The Game of Their Lives
Una delle pagine più clamorose della storia del calcio viene scritta il 29 giugno 1950, a Belo Horizonte. Di fronte la grande Inghilterra di Mortensen, Finney, Mannion e i dilettanti statunitensi. Una partita che sulla carta non dovrebbe avere sorprese, diretta dall’italiano Dattilo. Addirittura i bookmakers inglesi danno la vittoria degli USA 500 a 1. Insomma, risultato scontato. Ma non andò così, come vedremo… Borghi fu bombardato dagli attaccanti britannici già dai primi minuti.
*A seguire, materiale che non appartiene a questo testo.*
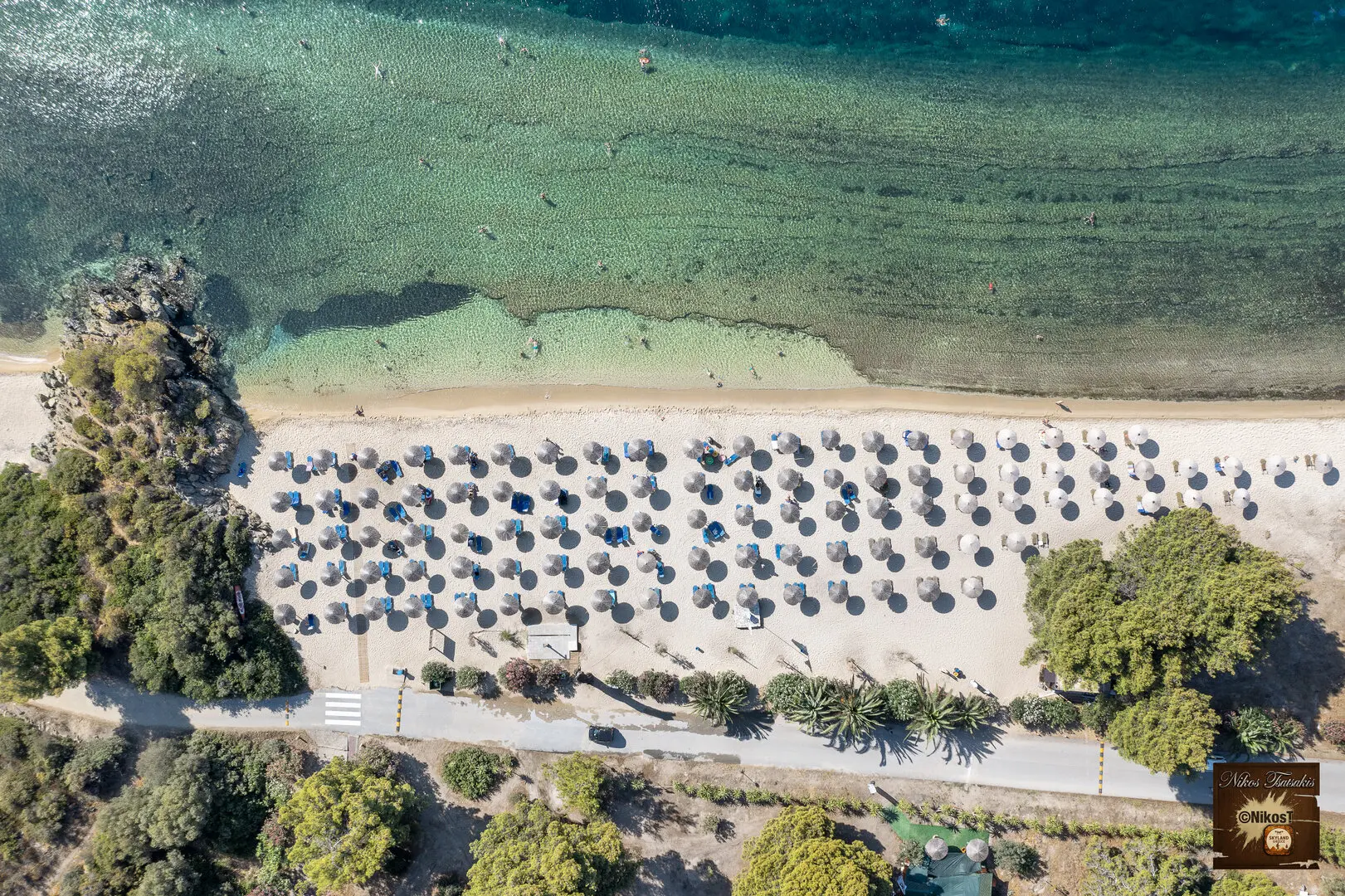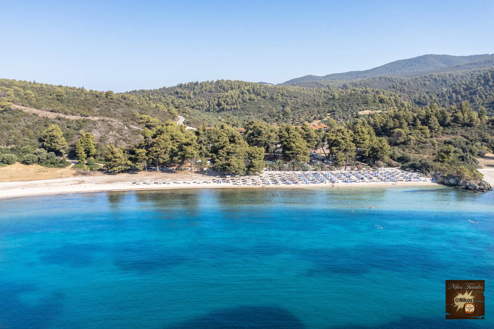 αμμουδιά και γαλαζοπράσινα νερά και ξεπροβάλλει μέσα από ένα καταπράσινο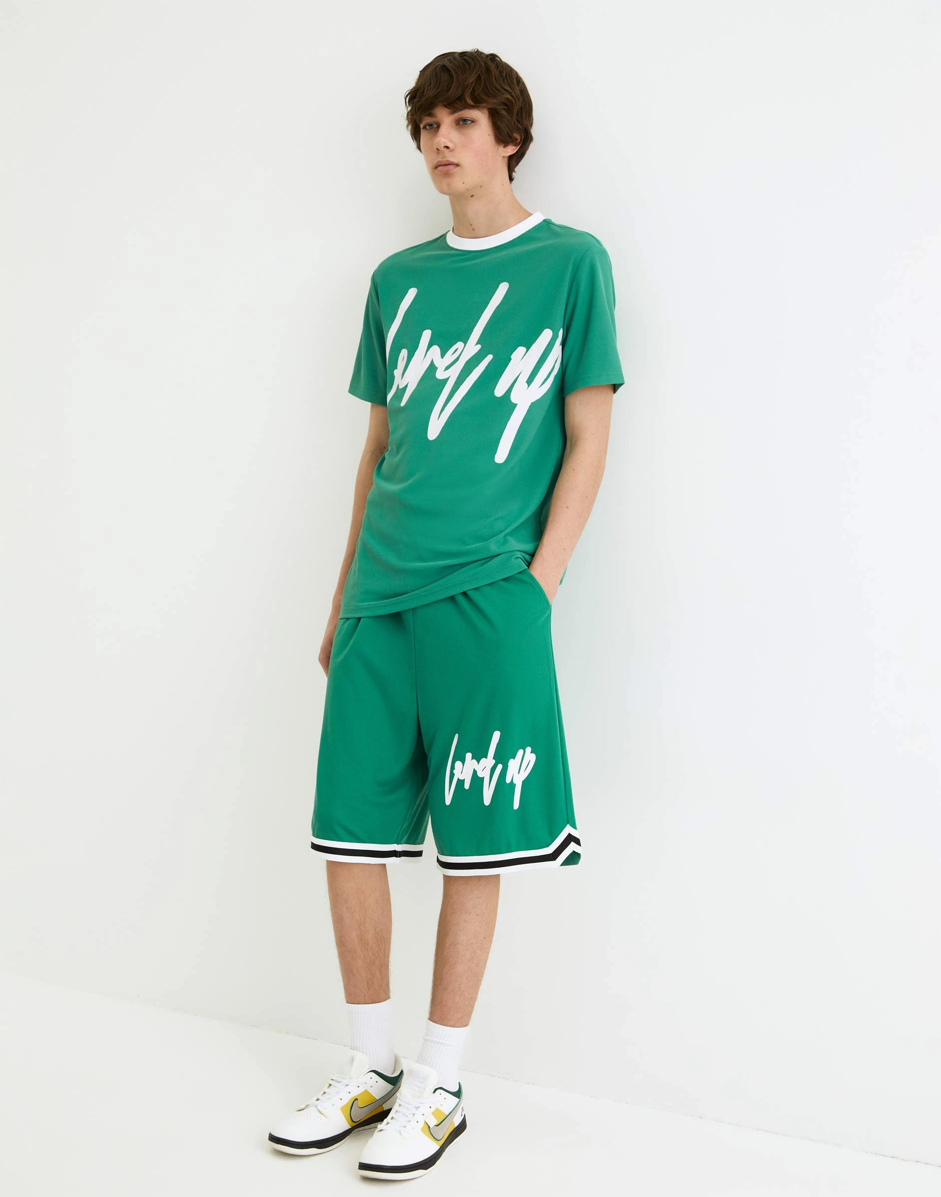 Зелёные шорты oversize с принтом и контрастными полосами Bsh008116-2

Mortensen calciò subito a rete poco dopo il via, trovando l’opposizione del portiere italo-americano. Nei primi 12 minuti l’Inghilterra tirò in porta 6 volte, colpendo 2 pali e una traversa ma senza riuscire a violare il fortino USA. La sensazione nell’aria era quella di una goleada solo rimandata. Inutile sottolineare l’approccio puramente difensivo degli uomini di Lyons, schiacciati dall’esperta retroguardia inglese. Tuttavia, agli americani non mancava lo spirito combattivo. Furono immeritatamente premiati al 38° minuto: l’insegnante di educazione fisica Walter Bahr calciò in porta da fuori area, il portiere Williams si mosse verso la sfera ma fu anticipato dal tuffo di testa del lavapiatti Joe Gaetjens. Inghilterra 0, Stati Uniti 1. Clamoroso. Dopo l’intervallo gli USA sfiorarono addirittura il raddoppio. Poi, man mano che il tempo cominciò a stringere, il match si fece più fisico. Gli americani si fecero notare anche per alcuni “placcaggi” di stampo rugbistico. Borghi neutralizzò due pericolosi calci di punizione e salvò sulla linea un colpo di testa di Mullen. L’impressionante statistica dei tiri in porta fu di 20 a 2. Il portiere di St. Louis disputò, come i suoi compagni, la “Partita della Vita“. Una partita che vide un epilogo storico: gli inventori del football erano stati sconfitti dagli amatori americani. Incredibile.
Eroe tra gli eroi
Al fischio finale gli statunitensi festeggiarono increduli, come i visi degli sconfitti che non si capacitavano dell’accaduto. Lo stesso Borghi rievocò, anni dopo, la sportività e la cordialità degli inglesi all’aeroporto di Rio dopo la gara. Vale la pena ripercorrere la formazione di quella squadra, che quel lontano giorno impartì una lezione indimenticabile agli inglesi: Borghi, Bahr, Maca, Keough, Ed Souza, Wallace, McIlvenny, Gaetjens, Colombo, John Souza, Pariani. La magia di quella giornata non ebbe seguito, con la sconfitta nell’ultima gara contro il Cile. Un’irriconoscibile Inghilterra, segnata dai fatti, perse anche la terza partita e tornò anch’essa a casa. La squadra degli eroi fu inserita in blocco nella U.S. Soccer Hall of Fame nel 1976. Borghi collezionò in tutto 9 presenze con la Nazionale, partecipando anche alle sfortunate qualificazioni mondiali del 1954. Lasciato il calcio, Frank divenne direttore di un’agenzia funebre operante nell’area di St. Louis, fino al 2003. Nel 2005 vide Gerard Butler interpretare il suo personaggio nel film “The Game of Their Lives“, di David Anspaugh, che ripercorre quella storica vittoria. E’ scomparso nella sua città natale il 2 febbraio 2015, due mesi prima di compiere 90 anni.